### HOW TO COMPLETE THIS TASK
Reproduce everything from the line that contains "22nd February - Production" down to the line that contains "piano: Julio Lazarte." in the listing below, word for word and nothing more. Leave the pictures out.

### INPUT DATA
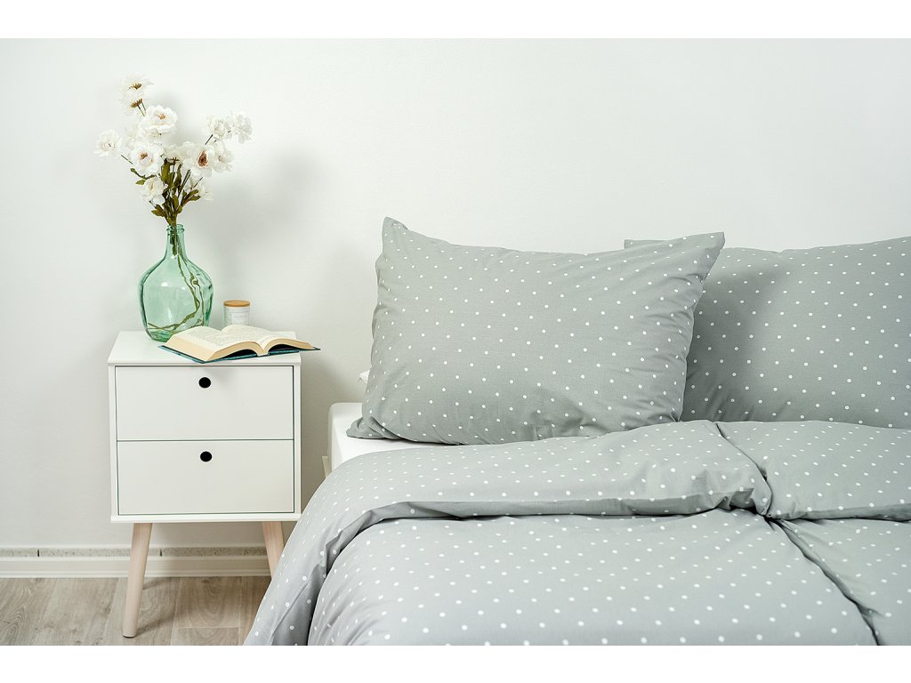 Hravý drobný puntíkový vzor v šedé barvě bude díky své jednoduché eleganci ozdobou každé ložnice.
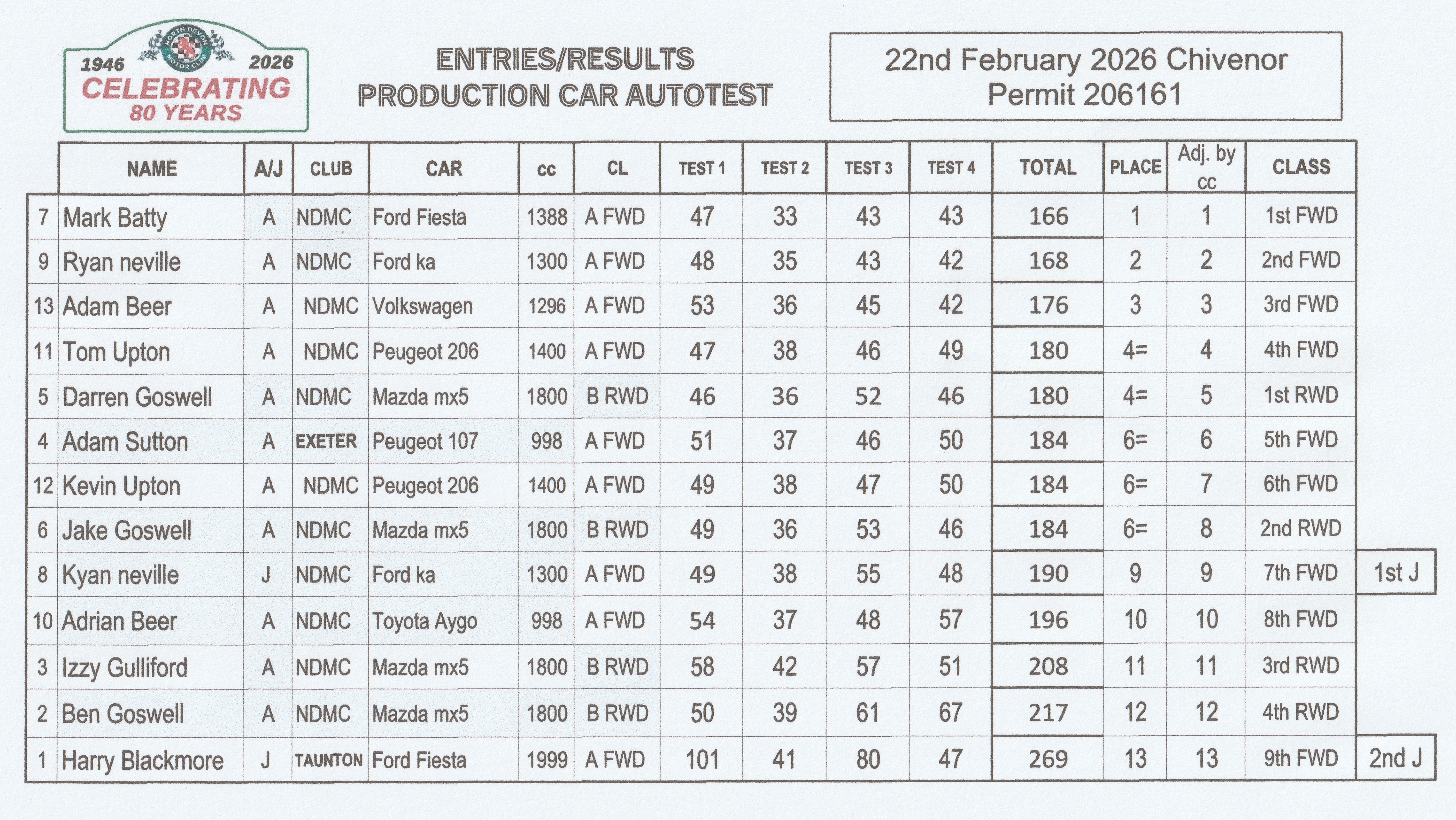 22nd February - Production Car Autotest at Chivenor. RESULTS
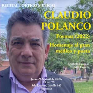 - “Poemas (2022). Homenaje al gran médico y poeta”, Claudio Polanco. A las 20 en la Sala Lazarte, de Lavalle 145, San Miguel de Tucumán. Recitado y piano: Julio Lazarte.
--
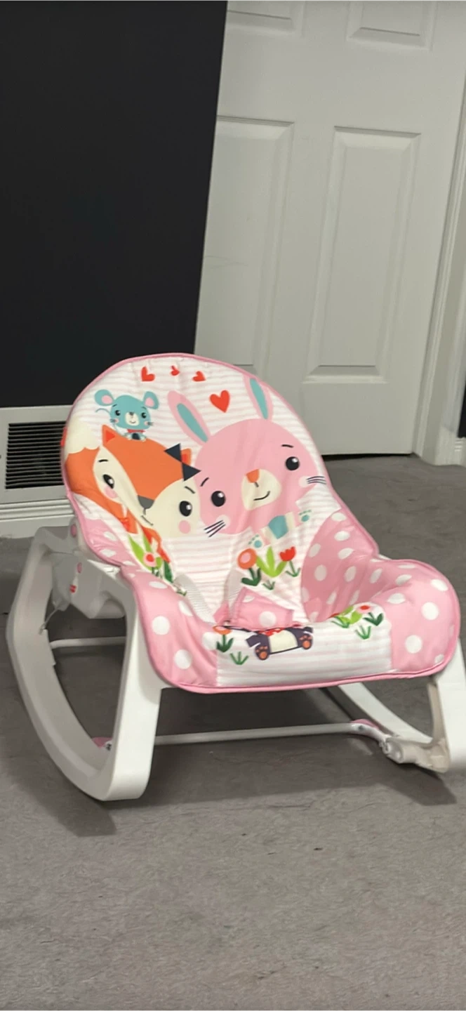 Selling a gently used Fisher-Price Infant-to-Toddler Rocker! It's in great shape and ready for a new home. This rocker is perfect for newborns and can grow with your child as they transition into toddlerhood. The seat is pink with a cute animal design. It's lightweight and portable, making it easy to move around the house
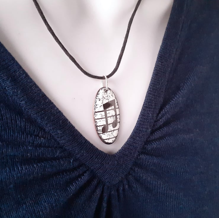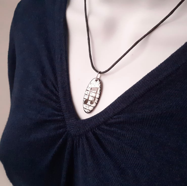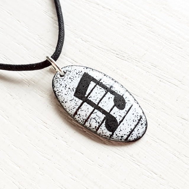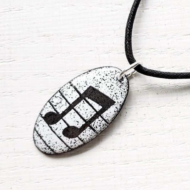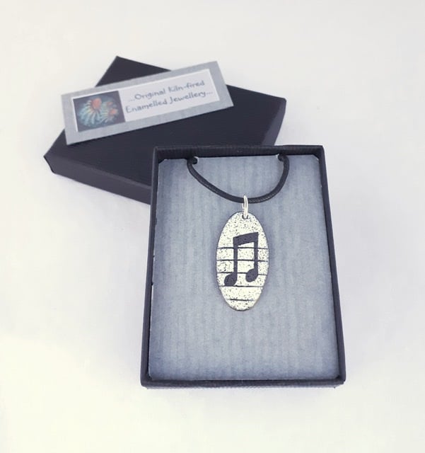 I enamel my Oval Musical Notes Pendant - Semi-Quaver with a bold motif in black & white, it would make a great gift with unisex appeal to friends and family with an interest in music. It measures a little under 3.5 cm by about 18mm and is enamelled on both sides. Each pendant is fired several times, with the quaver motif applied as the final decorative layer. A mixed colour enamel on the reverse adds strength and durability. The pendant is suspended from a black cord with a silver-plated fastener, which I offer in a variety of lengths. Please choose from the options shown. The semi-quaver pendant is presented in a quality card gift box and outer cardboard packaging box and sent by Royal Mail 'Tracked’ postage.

### EXERCISE RESULT
 22nd February - Production Car Autotest at Chivenor. RESULTS
 - “Poemas (2022). Homenaje al gran médico y poeta”, Claudio Polanco. A las 20 en la Sala Lazarte, de Lavalle 145, San Miguel de Tucumán. Recitado y piano: Julio Lazarte.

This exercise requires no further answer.